We recently made the switch from Apache to nginx with uwsgi. Well, I say recently, as far as I can tell from the commit logs we started work on it around July 10th, so that’s almost two months ago! We just deployed it last week, and after a bumpy first few days it seems to be settling in well. We thought we’d share why we switched, and how it’s going.

tl;dr:

We switched because:

  • we need to dynamically configure new virtualhosts for our users
  • Apache won’t dynamically load config, it needs a restart graceful which is still too disruptive
  • a single, generic Apache config that handles all users is getting unweildy
  • nginx+uwsgi will make it much easier for us to do things like static files and per-user config tweaks
  • we’re also hoping for some performance improvements

Our experience was:

  • sure enough, nginx+uwsgi is much simpler to configure and much more flexible. but:-
  • Apache’s model is to only start workers when they’re needed. uwsgi starts them all up-front. That took some hacking, since we actually wanted the on-demand behaviour.
  • no perf. improvements out-of-the-box, but we think there’s lots of potential for tuning
  • we did plenty of functionality testing, but not enough load testing, so our first deploy was a little rough.

Onto the detail!

Apache graceful isn’t

For those that don’t know, PythonAnywhere allows users to develop but also host Python apps, either on our domain via a username.pythonanywhere.com subdomain, or from their own domain names. So we need to be able to dynamically add, remove and update virtualhost configs. One way or another, our web servers need to look at an incoming request, and, based on the domain name, redirect them to the appropriate Python WSGI application.

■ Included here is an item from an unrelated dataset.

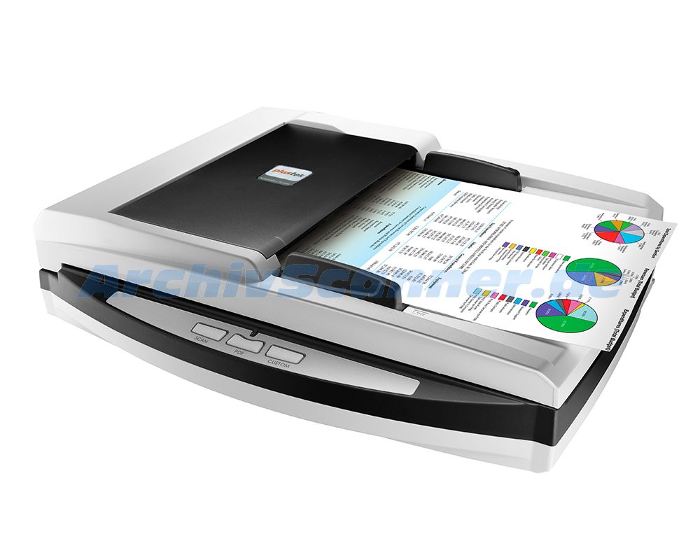Plustek SmartOffice PL4080 - Schneller vielseitiger Dokumentenscanner fürs Büro Der Plustek SmartOffice PL4080 Duplex Scanner vereint die Vorteile von Einzugsscanner und Flachbettscanner in einem Gerät und bietet eine Fülle an Funktionen zum Digitalisieren, Archivieren und Verwalten von Dokumenten. Dank umfangreicher Scanfunktionen liefert der Plustek SmartOffice PL4080 Scans von ausgezeichneter Bildqualität und ist mit seinem 50 Blatt Vorlageneinzug und integrierten DIN A4 Flachbett für vielfältigste Scanaufgaben gewappnet. Automatische ADF / Flachbett Erkennung Der Plustek SmartOffice PL4080 ist ein Kombinationsscanner mit ADF und Flachbett und kann mit seinem Vorlageneinzug für bis zu 50 Blatt ein breites Spektrum an unterschiedlich großen und dicken Dokumenten bei einer Scangeschwindigkeit von bis zu 40 Seiten bzw. 80 Bildern pro Minute erfassen. Über das Flachbett lassen sich für den ADF ungeeignete Dokumente, z.B. geprägte Karten, kleine , gebundene oder empfindliche Vorlagen, bequem und auf schonende Weise digitalisieren. Der Plustek PL4080 Scanner ist für ein tägliches Scanvolumen von 3.000 Seiten ausgelegt. Scannen auf Knopfdruck Der Plustek SmartOffice PL4080 verfügt über die intelligenten Funktionstasten Scan, PDF und Custom. Die Custom-Taste kann individuell mit einer von 7 Scan-Funktionen belegt werden. (z.B. Scan to PDF, Scan to File, Scan to E-Mail oder OCR Texterkennung). Außerdem lassen sich Scanprofile für häufig benötigte Scanaufgaben mit jeweiligen Scaneinstellungen vordefinieren. Dadurch wird nicht nur die Bedienung erleichtert, sondern auch die Produktivität gesteigert. Kompatibel mit den meisten Bildverarbeitungsprogrammen Die mitgelieferten TWAIN-Treiber stellen eine Kompatibilität zu tausenden von Scan- und Bildverarbeitungsprogrammen her. Dokumente können schnell und einfach als TIFF, JPEG, PDF oder in einem Microsoft Office Dateiformat ausgegeben werden. Die ebenfalls mitgelieferte ABBYY FineReader Software ermöglicht sogar die Erstellung und Verwaltung durchsuchbarer PDF Dateien. Die integrierte Bildverarbeitung des Plustek SmartOffice PL4080 liefert nicht nur exzellente Bildqualität, sondern verringert auch die Zahl fehlerhafter Scans und erhöht zugleich die OCR Genauigkeit. ABBYY FineReader Sprint FineReader ist eine Schrifterkennungssoftware, die Schriften innerhalb von Papierdokumenten, Bildern und PDF-Dateien mit großer Genauigkeit erkennt und damit den Bedarf an manuellen Text- und Formatkorrekturen verringert. Ein Werkzeug für produktives und effektives Arbeit mit intuitiver Benutzeroberfläche und OCR-Schriftenerkennung für bis zu 183 Sprachen. Plustek DocAction Über die Plustek DocAction Software können die Scantasten des Plustek SmartOffice PL4080 am PC programmiert werden, um später auf Tastendruck den Scanvorgang mit den gewünschten Einstellungen zu starten. In den Scaneinstellungen können u.a. Speicherort und Dateiformat festgelegt werden. DocAction kann digitalisierte Dokumente in gängigen Bildformaten wie JPEG, TIFF oder PDF ablegen. Je nach Bedarf lässt sich die erzeugte Datei an einen benutzerdefinierten Speicherort, ein Netzwerklaufwerk, einen Drucker, einen FTP-Server oder gar per E-Mail versenden.

With Apache, there’s two ways of doing this - you can either write a config file for each user and domain, or you can try to write a single global config file that can handle any domain and point it to the right WSGI app. The problem is that the first approach requires you to bounce Apache for each config change - not nice: even if restart graceful doesn’t disconnect workers until they’ve finished existing requests, it still means that new requests have to wait for the server to spin up again - we don’t want to be taking down one of our web servers, even for just a few seconds, every time a new user signs up!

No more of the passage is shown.